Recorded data
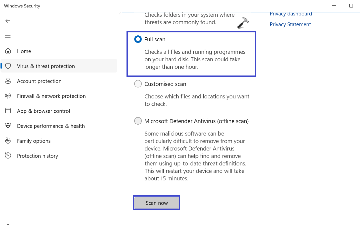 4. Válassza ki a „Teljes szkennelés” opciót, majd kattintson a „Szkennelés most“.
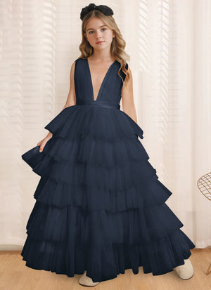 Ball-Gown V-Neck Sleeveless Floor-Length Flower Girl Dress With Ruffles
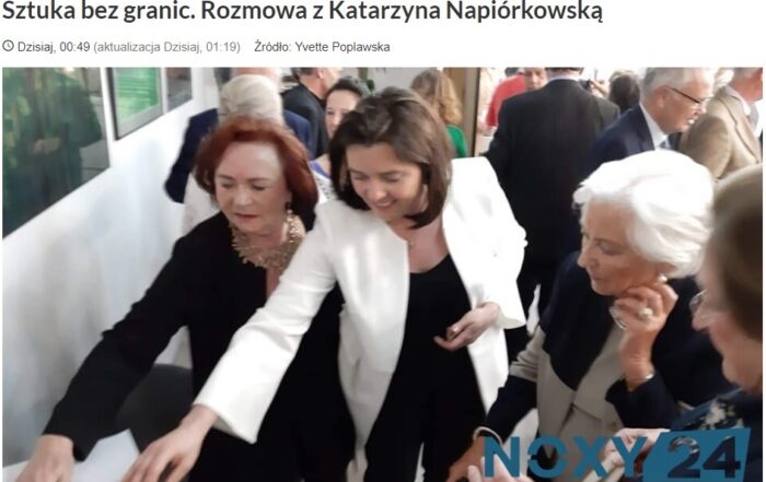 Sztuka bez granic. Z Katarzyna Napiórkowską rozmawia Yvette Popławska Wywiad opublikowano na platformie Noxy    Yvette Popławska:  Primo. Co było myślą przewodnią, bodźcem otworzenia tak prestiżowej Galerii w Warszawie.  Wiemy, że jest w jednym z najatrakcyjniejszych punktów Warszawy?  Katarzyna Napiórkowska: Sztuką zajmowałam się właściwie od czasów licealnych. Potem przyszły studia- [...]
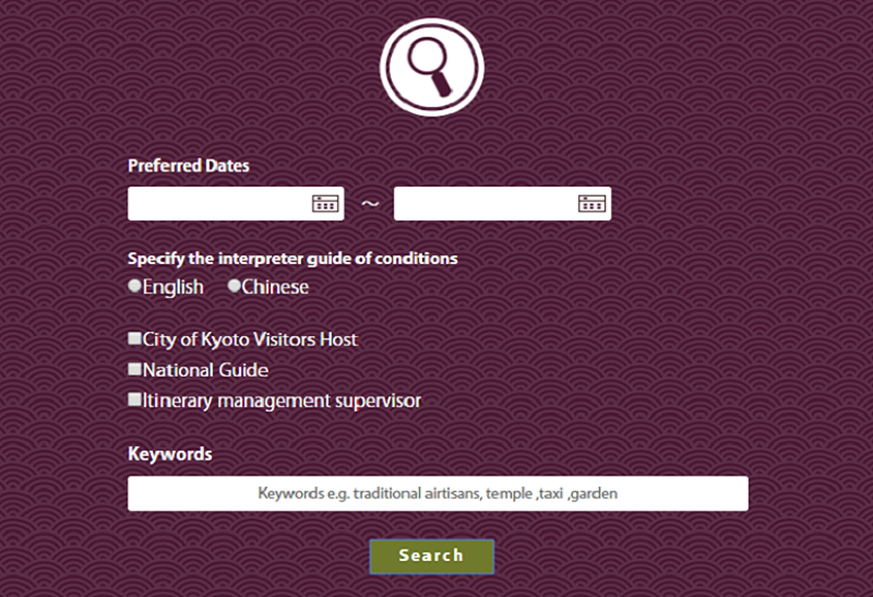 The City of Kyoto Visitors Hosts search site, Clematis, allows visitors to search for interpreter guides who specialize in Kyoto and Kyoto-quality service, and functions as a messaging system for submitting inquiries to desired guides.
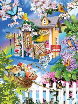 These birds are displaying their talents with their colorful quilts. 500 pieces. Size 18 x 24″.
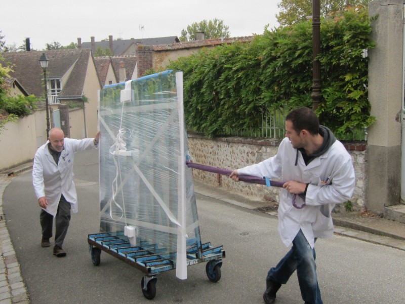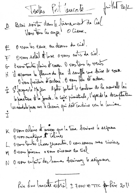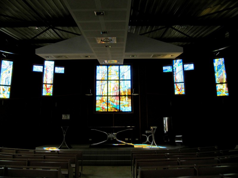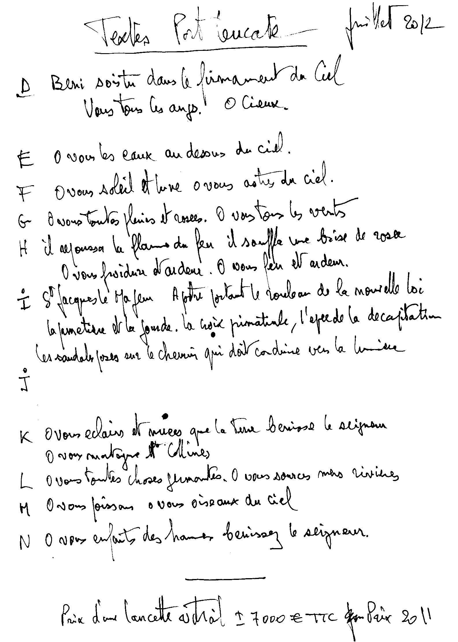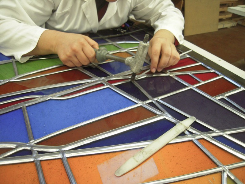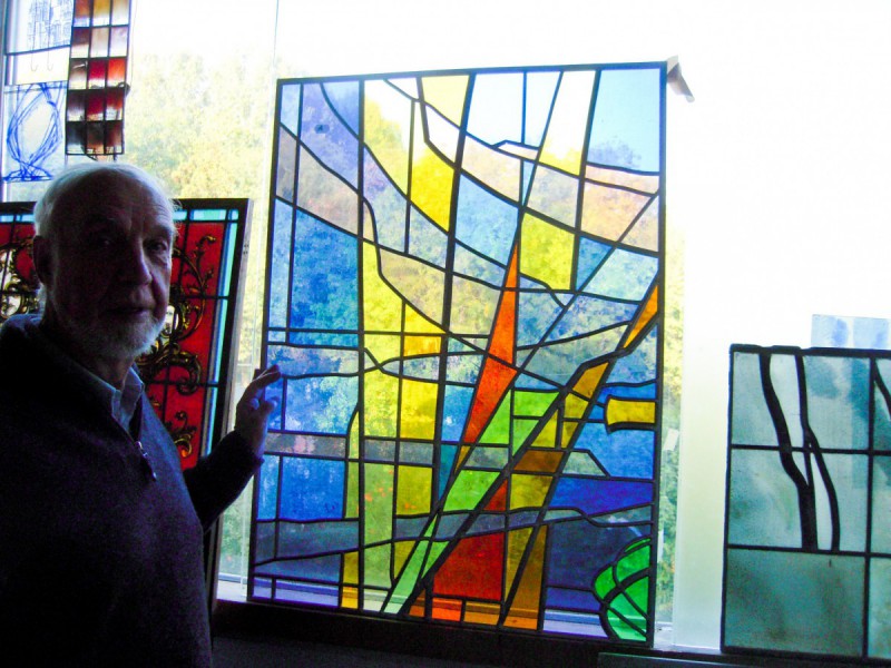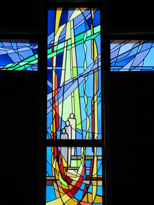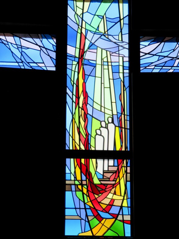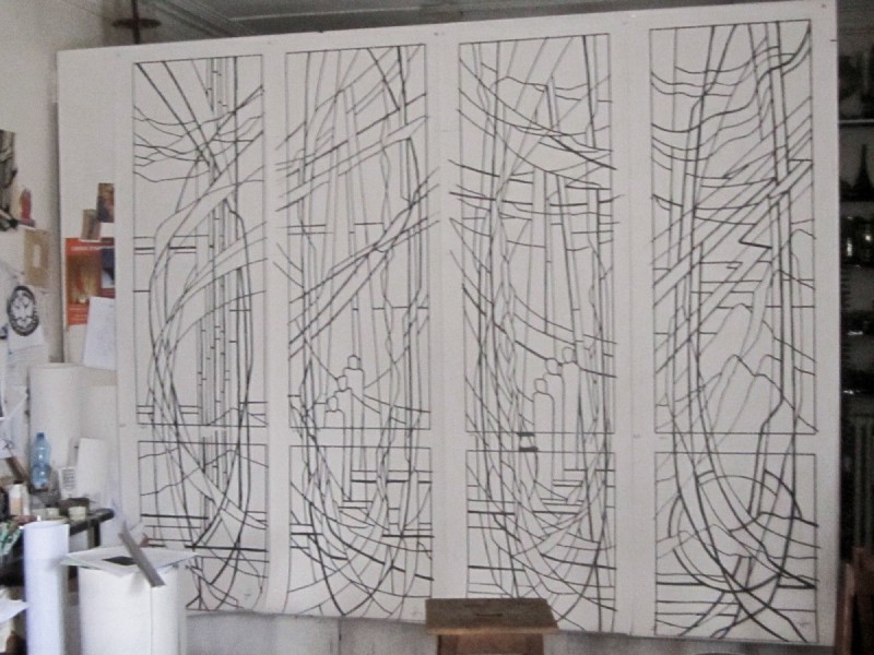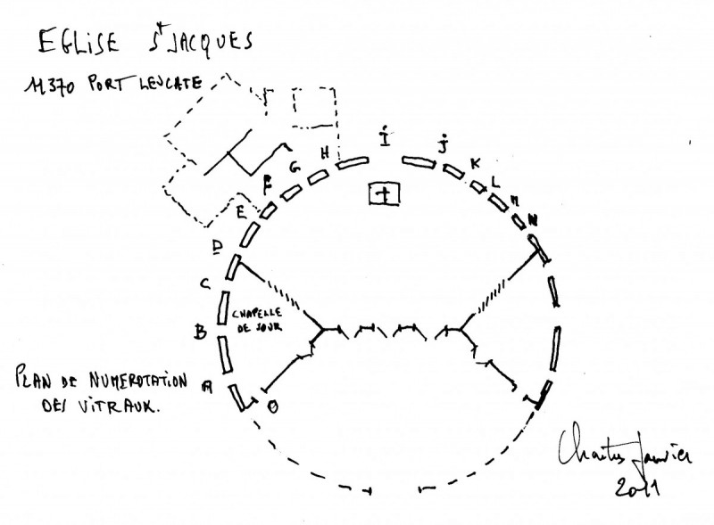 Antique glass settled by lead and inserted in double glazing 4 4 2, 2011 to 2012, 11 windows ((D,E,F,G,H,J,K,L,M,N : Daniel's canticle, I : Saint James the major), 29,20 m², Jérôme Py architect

**Aim of the exercise**
What are the lines above from the one with "Ball-Gown V-Neck Sleeveless" to the one with "These birds are", both included? Reproduce them exactly, without pictures.

**Response to the task**
 Ball-Gown V-Neck Sleeveless Floor-Length Flower Girl Dress With Ruffles
 Sztuka bez granic. Z Katarzyna Napiórkowską rozmawia Yvette Popławska Wywiad opublikowano na platformie Noxy    Yvette Popławska:  Primo. Co było myślą przewodnią, bodźcem otworzenia tak prestiżowej Galerii w Warszawie.  Wiemy, że jest w jednym z najatrakcyjniejszych punktów Warszawy?  Katarzyna Napiórkowska: Sztuką zajmowałam się właściwie od czasów licealnych. Potem przyszły studia- [...]
 The City of Kyoto Visitors Hosts search site, Clematis, allows visitors to search for interpreter guides who specialize in Kyoto and Kyoto-quality service, and functions as a messaging system for submitting inquiries to desired guides.
 These birds are displaying their talents with their colorful quilts. 500 pieces. Size 18 x 24″.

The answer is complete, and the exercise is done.